By  on September 3, 2009

Nancy Talbot, who recognized the dearth of stylish clothes for suburbanites and launched Talbots Inc. with her husband Rudolf in 1947, died Sunday at age 89 in her Boulder, Colo., home.

The cause of death was complications from Alzheimer’s disease, said one of her daughters, Polly Talbot Donald.

Born in Charlevoix, Mich., Talbot dropped out of Radcliffe College to sign up with the Red Cross during World War II. While working in France, she met her future husband, Capt. Rudolf Talbot, who was serving as a U.S. Army intelligence officer. After German forces surrendered, the pair returned to the U.S., married and settled outside of Boston.

Recognizing a need for well-made clothes for women who lived outside major cities, they opened a store that catered to those overlooked shoppers in Rudolf’s hometown of Hingham, Mass., in 1947. They took over a space that had housed his father’s Johnny Appleseed boutique, which had been shuttered when he died shortly after its debut. While debating whether to use the same name, they arranged for a Harvard Business School case study and sat in the back of the classroom when students debated their findings. In a 1985 interview with The Boston Globe, Rudolf Talbot explained the name change: “Everyone in the discussion said, ‘Why are they paying Appleseed for a franchise? Why don’t they go on their own?’ So that’s what we did.”

Nancy Talbot was known to describe the shop as being smaller than the living room in the couple’s Cambridge apartment. The fact that it was located next door to a bar resulted in some unwelcome shoppers. “All these drunks would come staggering in,” she told The Boston Globe in a 2002 interview.

Women’s, men’s and children’s clothing were offered initially in the first store, but the focus was quickly shifted solely to women’s. So much so the husband-and-wife team launched the company’s direct-mail business in 1948 by sending 3,000 black and white fliers to New Yorker magazine subscribers. Nancy Talbot molded the company with her colorful take on fashion, her own sensible style, homey merchandising and willingness to stick with proven catalogue styles.

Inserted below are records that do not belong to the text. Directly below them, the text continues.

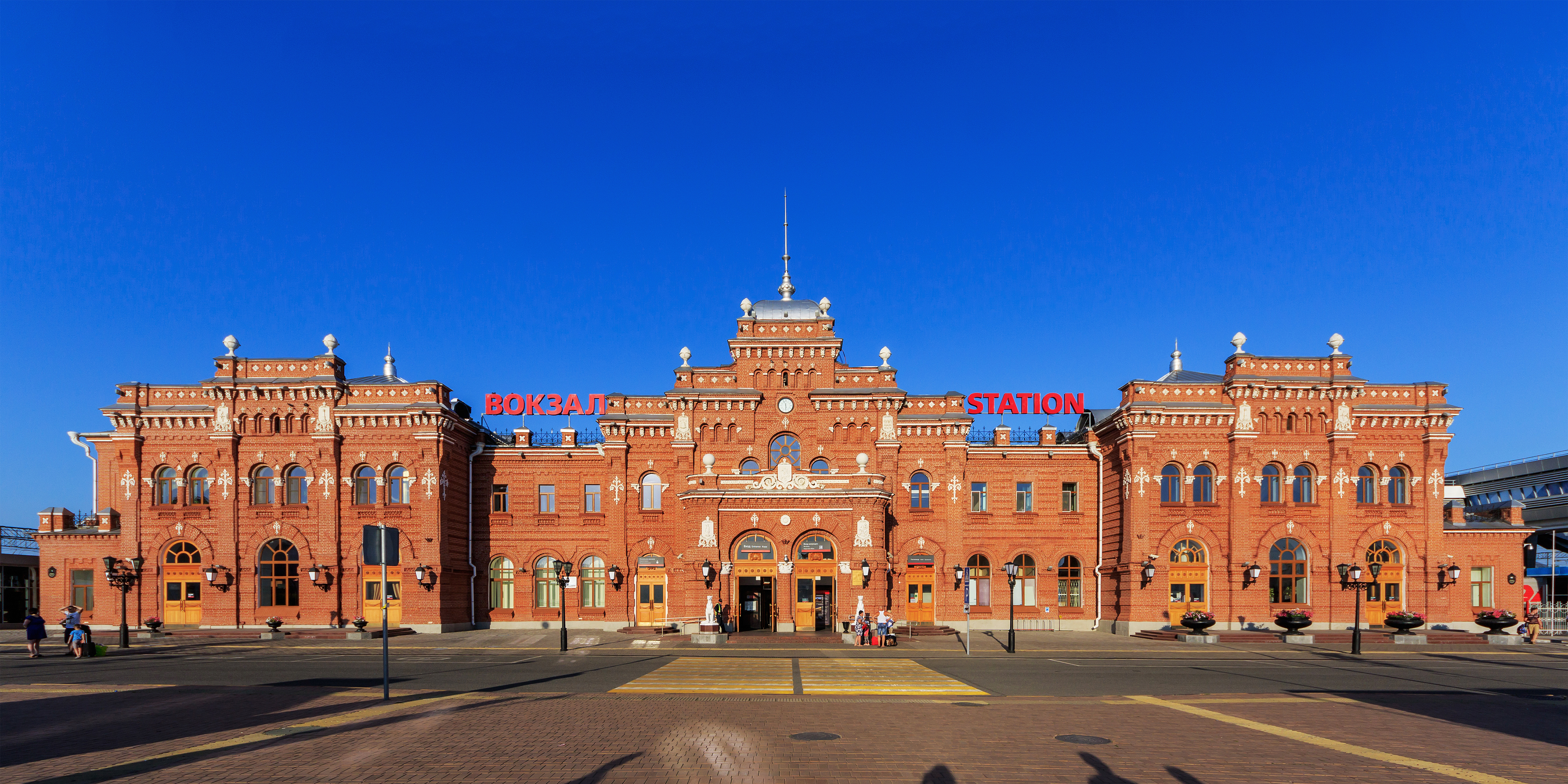 - Русский: Старое здание железнодорожного вокзала. Казань, Россия.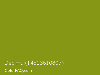 Decimal 14513610807 Color is a normal yellow color and the nearest color is Trendy Green #7c881a. Hex code #869715 and RGB value is rgb(134,151,21). In RGB color space, this color is composed of 53% red, 59% green, 8% blue, In CMYK color space, this color is composed of 11% cyan, 0% magenta, 86% yellow , 41% black , In HSL color space, this color has a hue angle of 68° , 76% saturation and 34% lightness.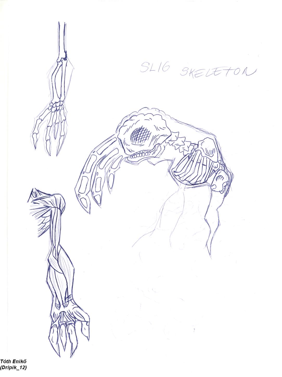 The Slig´s cool, but I was thinking it would have bones in its ´tail´. I did see in the art of oddworld book (goddamn its useful) that on close inspection, they appear to be degraded back legs, with two visible sections to them as well as the feet. Just a thought.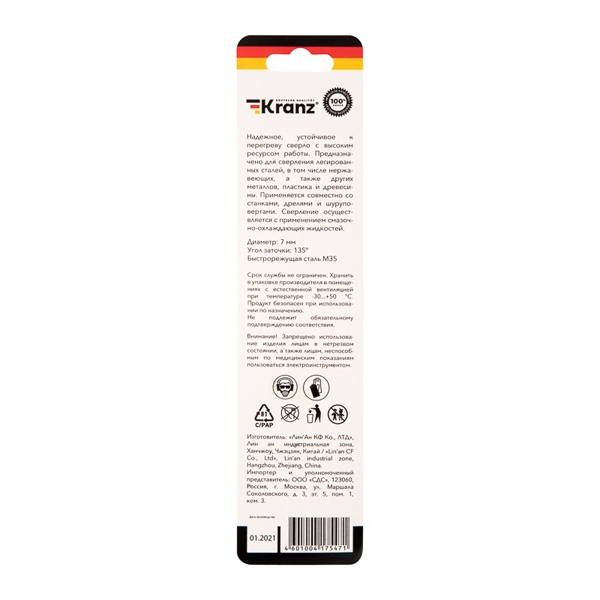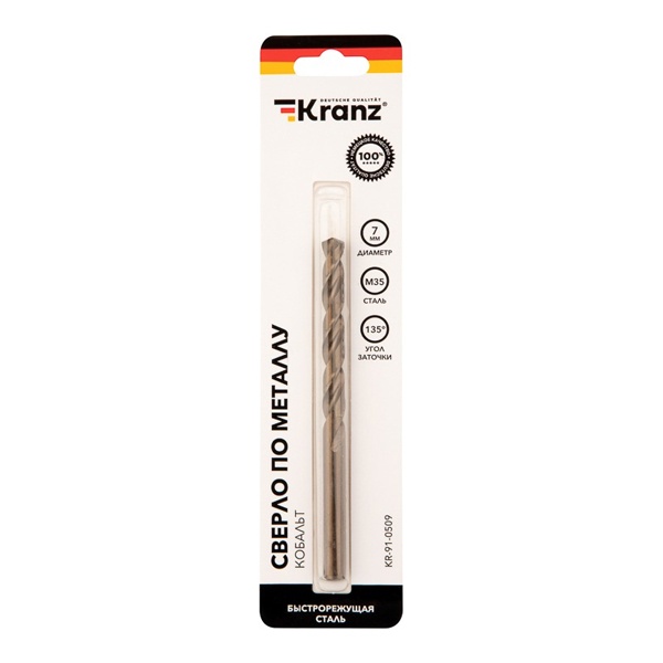 KR-91-0509 Сверло по металлу Kranz 7мм Кобальт (сталь HSS-Co 5% M35 P6M5K5) (1 шт. в блистере) DIN 338

Early on, she and her husband needed more room for their burgeoning business, so they relocated to a large white house a few blocks from their store and painted the front door bright red at the suggestion of a local designer. The red door became one of the retailer’s signatures. As the company continued to grow — there are currently 600 stores —the Talbots moved their corporate headquarters a mile down the road to 175 Beal Street, where it stands today on what is now known as One Talbots Drive. Throughout the years, Nancy Talbot stayed true to her customers’ fashion sense without trying to advance trends. “Boston’s about six months behind New York in style, and Hingham’s about six months behind Boston,” she once said.

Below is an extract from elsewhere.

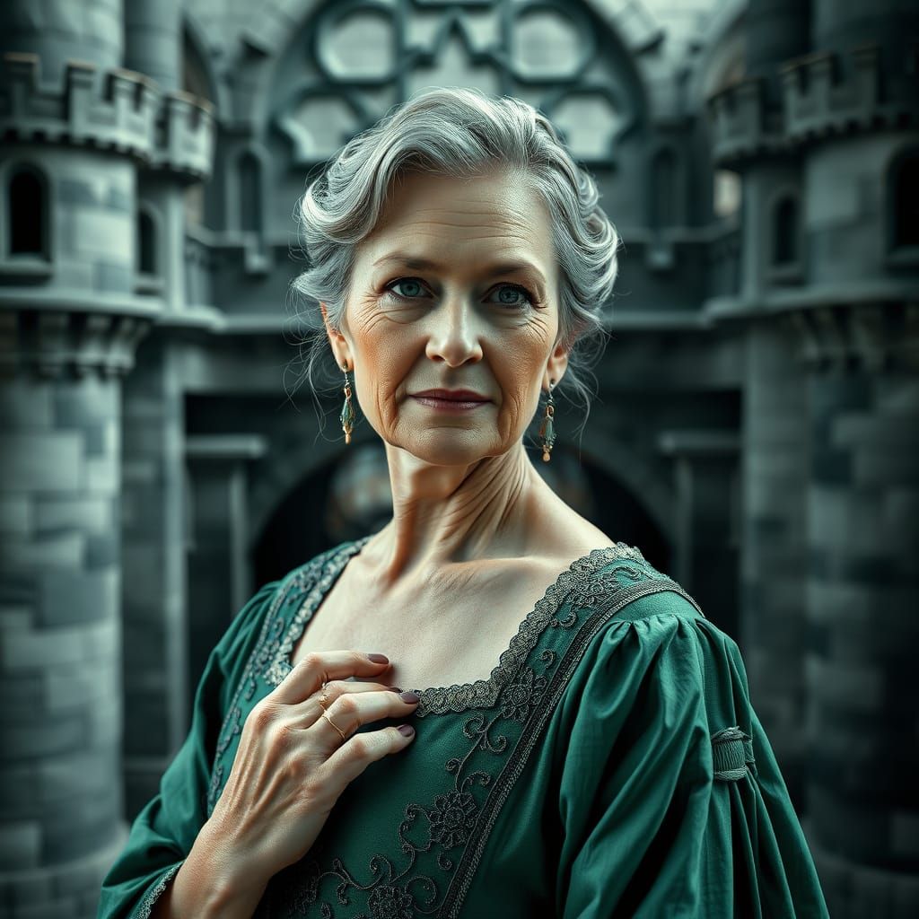 A striking picture of a middle-aged woman in a green medieval dress, set against a castle backdrop with quantum elements. Soft focus monochrome photography with papercraft details.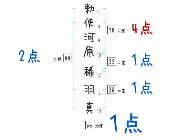 勅使河原稀羽真さんの画数の鑑定結果

In 1973, the husband-and-wife team sold their company, which was then a four-store operation and direct-mail business, to General Mills for about $6 million, Donald said. At that time, Rudolf Talbot retired, but Nancy stayed on as a vice president. In 1983, she too bowed out for good, after 35 years of service. Rudolf died in 1987.

In an interview a few years later, she described her merchandising philosophy: “Our customer wants to conserve what is good and right for her in fashion….She knows what is becoming to her.She doesn’t want change for the sake of change, but rather she adopts those styles and looks that become her and her life. She dresses to please herself rather than to keep up with the latest styles.”

In addition to Donald, Talbot is survived by another daughter, Jane Winter of Lake Forest, Ill. A memorial service will be held this fall in Cambridge, Mass.